From the first line of the material through the line that holds "Five-spray/massaging hand shower.", repeat each line exactly and skip any picture.

- AVAILABLE DATA:
-=-=-=-=-
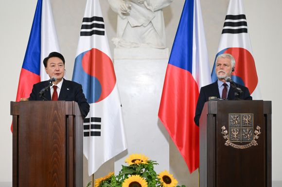 윤 대통령과 파벨 대통령은 러시아와 북한의 군사 협력을 ‘불법 협력’이자 ‘유럽과 인도·태평양 지역 안보에 대한 공동의 위협’으로 규정하고 “한국과 체코가 연대해 국제 무대에서 이러한 위협에 굳건하게 맞서 대응할 필요가 있다”고 의견을 모았다고 김 차장은 전했다.
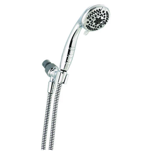 Five-spray/massaging hand shower. WaterSense certification promotes water conservation. Pause feature reduces the water to a trickle, allowing you to conserve water while doing tasks such as lathering up or shaving your legs. Soft, rubber spray holes allow you to easily wipe away calcium and lime build-up from the spray face of your hand shower with the touch of a finger.
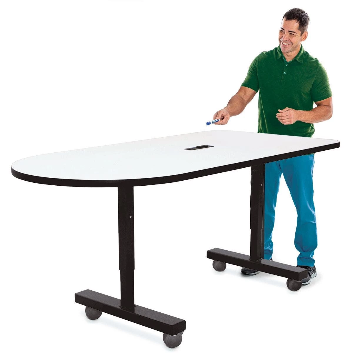 Adjustable legs allow for sitting or standing to incorporate more physical activity into the classroom. Table glides on 3” dia casters for quick transportation and easy transition between activities, or just to find a quieter place to work. The height adjusts from 24-36”H. Choose 60”L; 100 lb or 72”L; 130 lb.
-=-=-=-=-
- RESPONSE BELOW:
 윤 대통령과 파벨 대통령은 러시아와 북한의 군사 협력을 ‘불법 협력’이자 ‘유럽과 인도·태평양 지역 안보에 대한 공동의 위협’으로 규정하고 “한국과 체코가 연대해 국제 무대에서 이러한 위협에 굳건하게 맞서 대응할 필요가 있다”고 의견을 모았다고 김 차장은 전했다.
 Five-spray/massaging hand shower. WaterSense certification promotes water conservation. Pause feature reduces the water to a trickle, allowing you to conserve water while doing tasks such as lathering up or shaving your legs. Soft, rubber spray holes allow you to easily wipe away calcium and lime build-up from the spray face of your hand shower with the touch of a finger.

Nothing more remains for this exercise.